The worst case scenario

Okay, but what if you had a lot of candy (or beer, or pie, or whatever), and you know for sure that you ate far more than you burned? What if you know that you ate 3,000 calories and only burned 2,000?

Don’t underestimate your body’s ability to adapt: chances are, if you ate a ton last night, you may be a bit less hungry today. This may sound weird if you’re used to tracking every last bite, but people who don’t deliberately diet can still maintain their weight over time. Our bodies kind of figure things out.

And because it’s only one day, things tend to even out. Let’s say you ate that extra 1,000 calories, and your body didn’t adjust anything else; you continued with your life, eating 2,000 and burning 2,000 every day. Your average calorie intake for the month will work out to just 2,033 calories per day, only a smidge above your usual.

Don’t panic

So if you ate more than you intended on some particular day, don’t panic. You don’t need to feel guilty about it and you don’t need to immediately burn it off.

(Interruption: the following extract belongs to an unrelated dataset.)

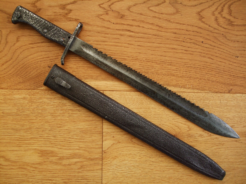 Biete hier ein sehr seltenes, originales Ersatzbajonett 98/05 mit Säge und seltener ersatzscheide an, siehe Ersatzbajonett 42.
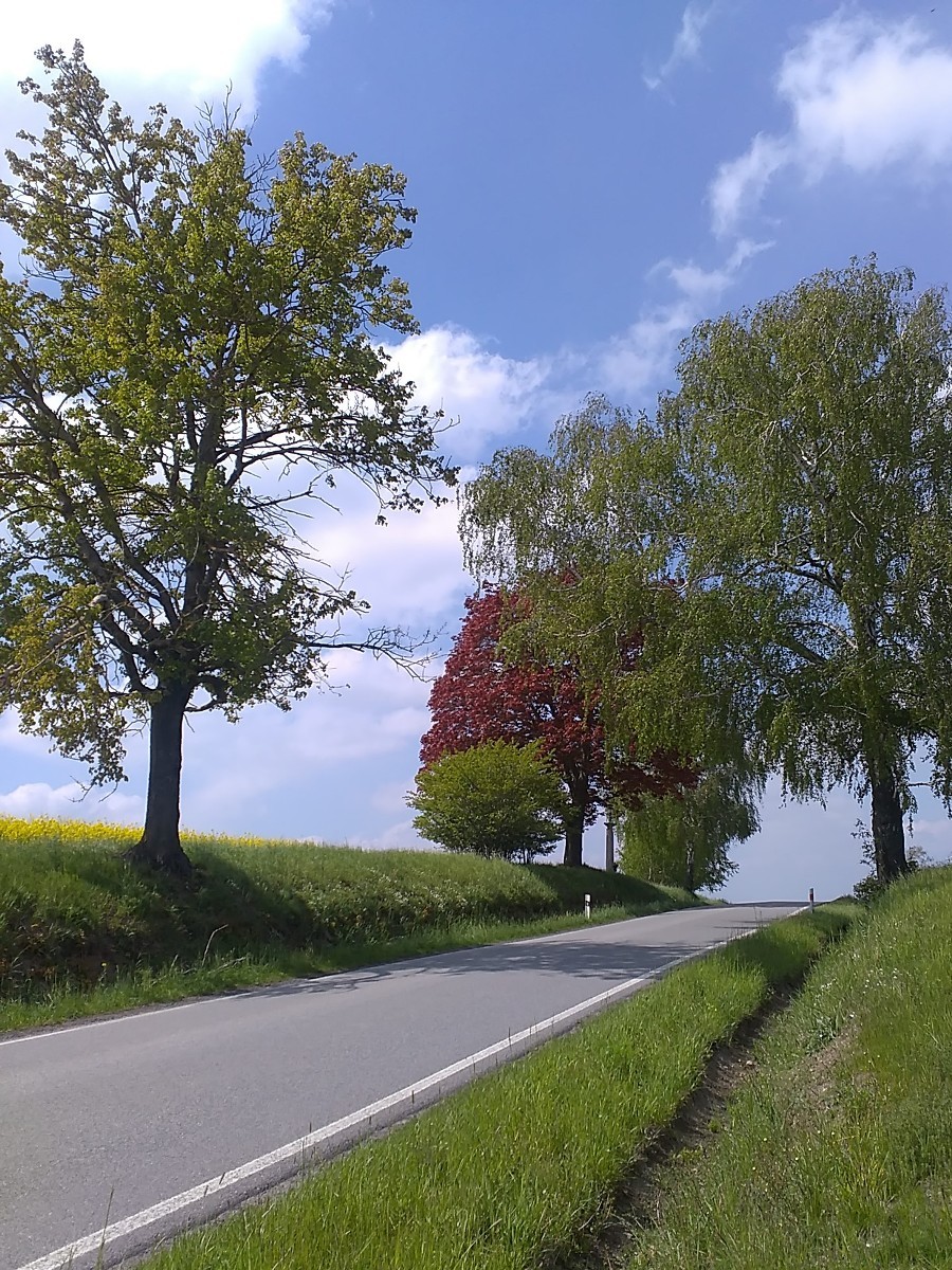 Stromy lemují úzkou silničku, naštěstí se dá jít strouhou.

Instead: just do your normal healthy shit. Eat to nourish yourself. Exercise because our bodies work better when we move them around on a regular basis. Our minds work better when we exercise, too. Have a little self compassion because your mental health will be better if you aren’t constantly thinking of your body as your enemy.

If these indulgences are enough of a problem that you think you really are gaining weight because of them, make a plan. Not “I’m going to spend an hour on the elliptical tomorrow because I hate myself,” but rather setting up a consistent, sustainable, non-miserable plan to eat healthy and get a reasonable amount of exercise each week. That way, you’ll be taking good care of yourself whether you end up eating a few candy bars or not.